Write the data below out exactly as it stands. Do not include the pictures.
[[ Data extract open ]]
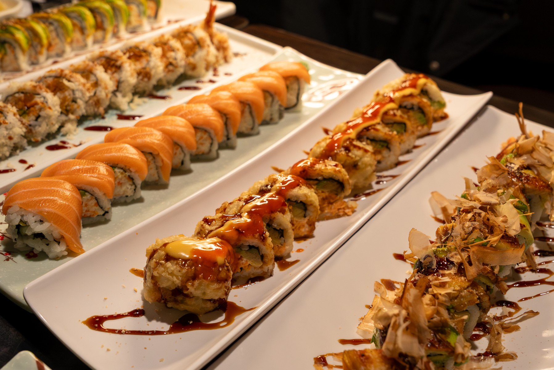 Now, the only thing left is to decide which of the most original dishes on the menu will earn your favor. Personally, we’re going for the grilled eel rolls, the decadent "Green Dragon Roll" (the restaurant doesn’t shy away from such a rare and sought-after ingredient as eel—delicious!). Then there are the shrimp tempura rolls, delightfully crispy; the more classic cream cheese rolls, our guilty pleasure—fresh and flavorful; and finally, the , topped with capelin eggs.
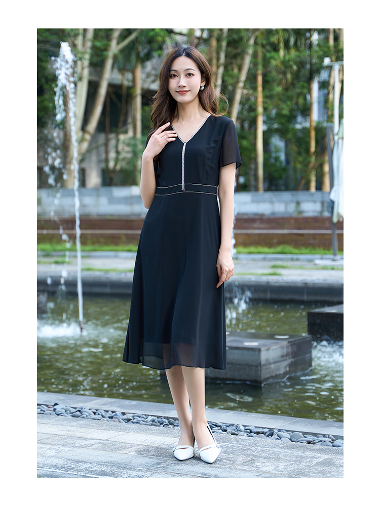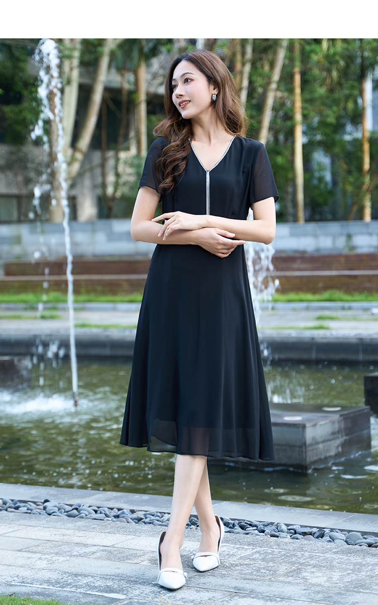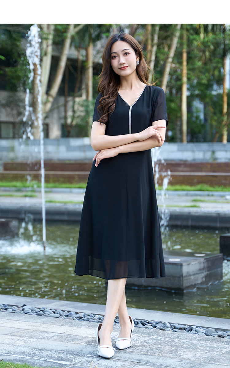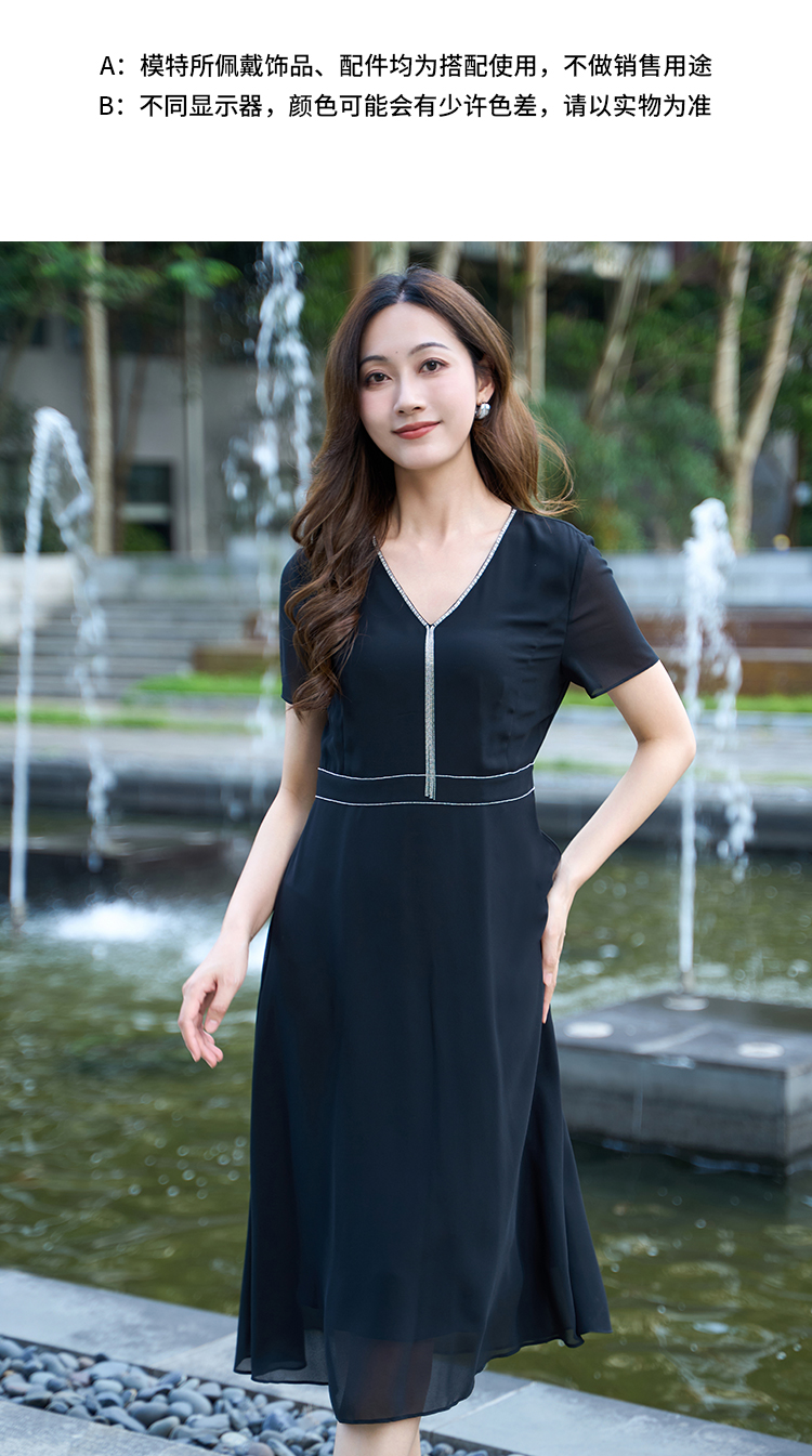 【流苏链条连衣裙】EITIE爱特爱V领优雅气质高腰礼服夏季新款B2507650
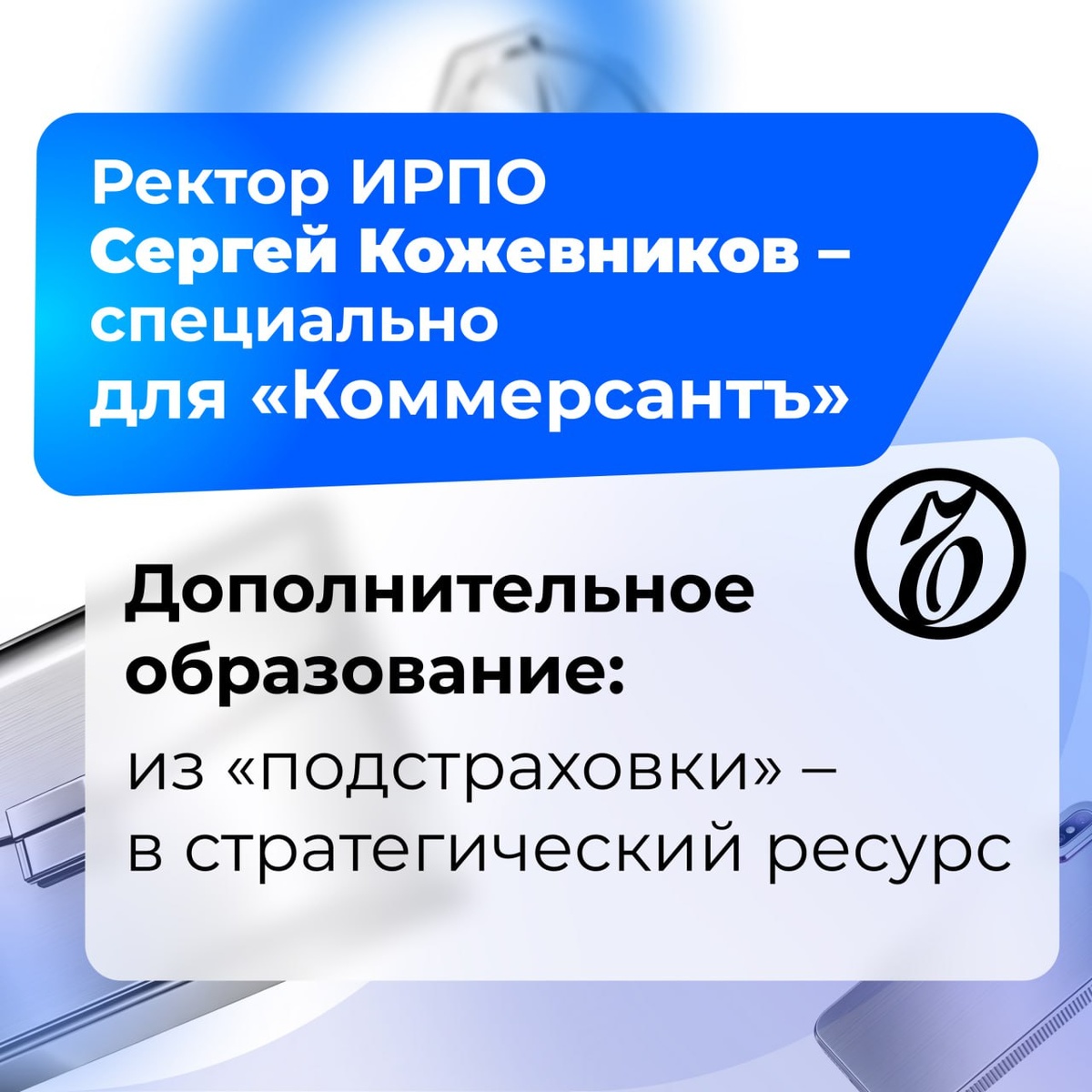 ▪️ О тренде рассказал ректор ИРПО Сергей Кожевников в экспертной колонке для издания «Коммерсантъ». «Мы живем в мире, где технологии и запросы работодателей меняются быстрее, чем успевают выходить новые учебники. Форматы занятости множатся, отрасли перестраиваются буквально на глазах. В этой реальности дополнительное профессиональное образование уже не «надстройка» к диплому, а нормальный способ жить в профессии долго и уверенно», – подчеркивает ректор нашего Института. 💡 Какие образовательные программы сегодня особенно востребованы по всему миру? 💡 Что стало главным критерием качества программ дополнительного профессионального образования? 💡 Как устроена система программ дополнительного образования для педагогов и управленцев в ИРПО? ▪️ Все ответы — в материале. Читайте его по ссылке. ИРПО реализует ключевые проекты в сфере СПО по поручению Минпросвещения России. Главные новости СПО — в Telegram / в MAX #ЭкспертИРПО #ДПО
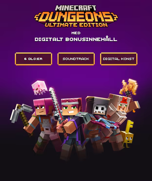 Upplev hela historien om Minecraft Dungeons från början till slutet. Skaffa Ultimate Edition, som innehåller grundspelet och alla sex DLC:er: Djungeln vaknar, Den krypande vintern, Ylande toppar, Nethers lågor, De dolda djupen och Ekande tomrummet till ett lägre pris än om du köper dem separat.
[[ Data extract closed ]]
* _Expected output_
 Now, the only thing left is to decide which of the most original dishes on the menu will earn your favor. Personally, we’re going for the grilled eel rolls, the decadent "Green Dragon Roll" (the restaurant doesn’t shy away from such a rare and sought-after ingredient as eel—delicious!). Then there are the shrimp tempura rolls, delightfully crispy; the more classic cream cheese rolls, our guilty pleasure—fresh and flavorful; and finally, the , topped with capelin eggs.
 【流苏链条连衣裙】EITIE爱特爱V领优雅气质高腰礼服夏季新款B2507650
 ▪️ О тренде рассказал ректор ИРПО Сергей Кожевников в экспертной колонке для издания «Коммерсантъ». «Мы живем в мире, где технологии и запросы работодателей меняются быстрее, чем успевают выходить новые учебники. Форматы занятости множатся, отрасли перестраиваются буквально на глазах. В этой реальности дополнительное профессиональное образование уже не «надстройка» к диплому, а нормальный способ жить в профессии долго и уверенно», – подчеркивает ректор нашего Института. 💡 Какие образовательные программы сегодня особенно востребованы по всему миру? 💡 Что стало главным критерием качества программ дополнительного профессионального образования? 💡 Как устроена система программ дополнительного образования для педагогов и управленцев в ИРПО? ▪️ Все ответы — в материале. Читайте его по ссылке. ИРПО реализует ключевые проекты в сфере СПО по поручению Минпросвещения России. Главные новости СПО — в Telegram / в MAX #ЭкспертИРПО #ДПО
 Upplev hela historien om Minecraft Dungeons från början till slutet. Skaffa Ultimate Edition, som innehåller grundspelet och alla sex DLC:er: Djungeln vaknar, Den krypande vintern, Ylande toppar, Nethers lågor, De dolda djupen och Ekande tomrummet till ett lägre pris än om du köper dem separat.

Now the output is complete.